We all know MongoDB is great for Big Data, but it's also great for work on the other end of the scale -- call it "Wee Data". This type of data is far more common than Big Data scenarios... in fact, just about every project starts with it. In this domain, we don't care about disk access and indices; instead, we care about skipping past the wheel inventing and getting right down to playing with the data. MongoDB lets you persist your prototype or small-working-set data without making you deal with freeze-drying and reconstitution, provides structure well beyond csv, gets out of your way as you evolve your schemas, and provides simple tools for introspecting data and crunching numbers.
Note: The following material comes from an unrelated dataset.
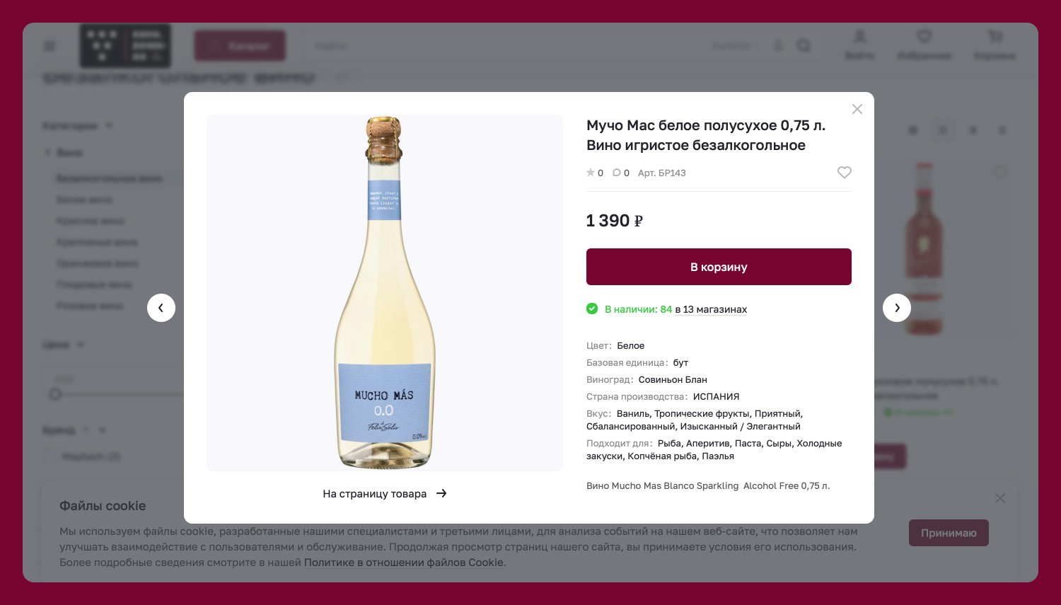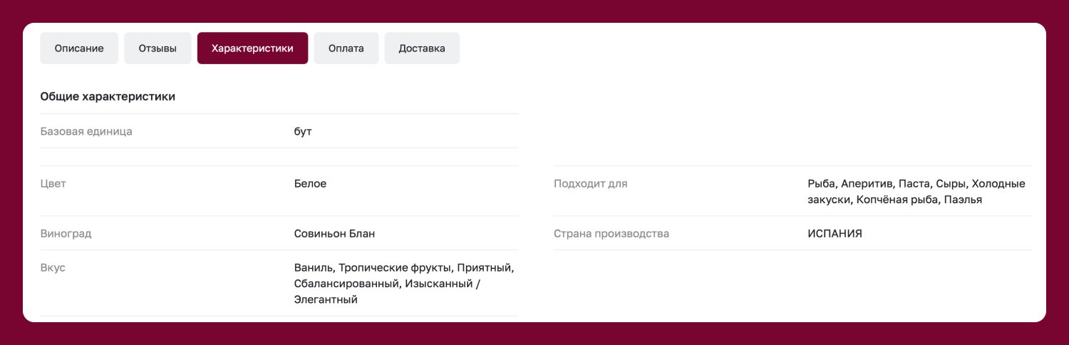 Переходя к карточке любого товара, пользователь может ознакомиться с его описанием, отзывами предыдущих покупателей, условиями оплаты и доставки. Кроме того, нами были сгруппированы характеристики в соответствии с информацией, которую желает получить пользователь вплоть до описания вкуса и подходящих блюд гастрономии:

"MongoDB and Wee Data: Hacking a Workflow" will start with theory and proceed to walk through ruby code that shows MongoDB's place in a working ecommerce site's data ecosystem. On display: An ETL workflow, with persistence

• import CSVs for updates to persistent data

• run aggregation to answer business questions

• merge external documents into DB, for workflow phase decoupling run validation

• export to CSV for upload elsewhere Also on display: BDD style workflow

• Cucumber features -RSpec specs

GridGain for MongoDB

If you have a medium to large-scale MongoDB deployment, and want to enhance scale and/or a realize more real-time performance, this session is for you. GridGain that brings in-memory capabilities to MongoDB, the most popular API for unstructured data storage and query. We will discuss how you can achieve elastic scale (think automatic transparent re-sharding) up to thousands of nodes, as well as dramatically improve performance: higher throughput and lower latency via concurrent locking and parallel read/write operations. We will discuss various options around choosing databases or collections to keep in memory, synchronous and asynchronous persistence, vertical scale with terabytes of off-heap memory, Visor GUI-based management and monitoring, and much more.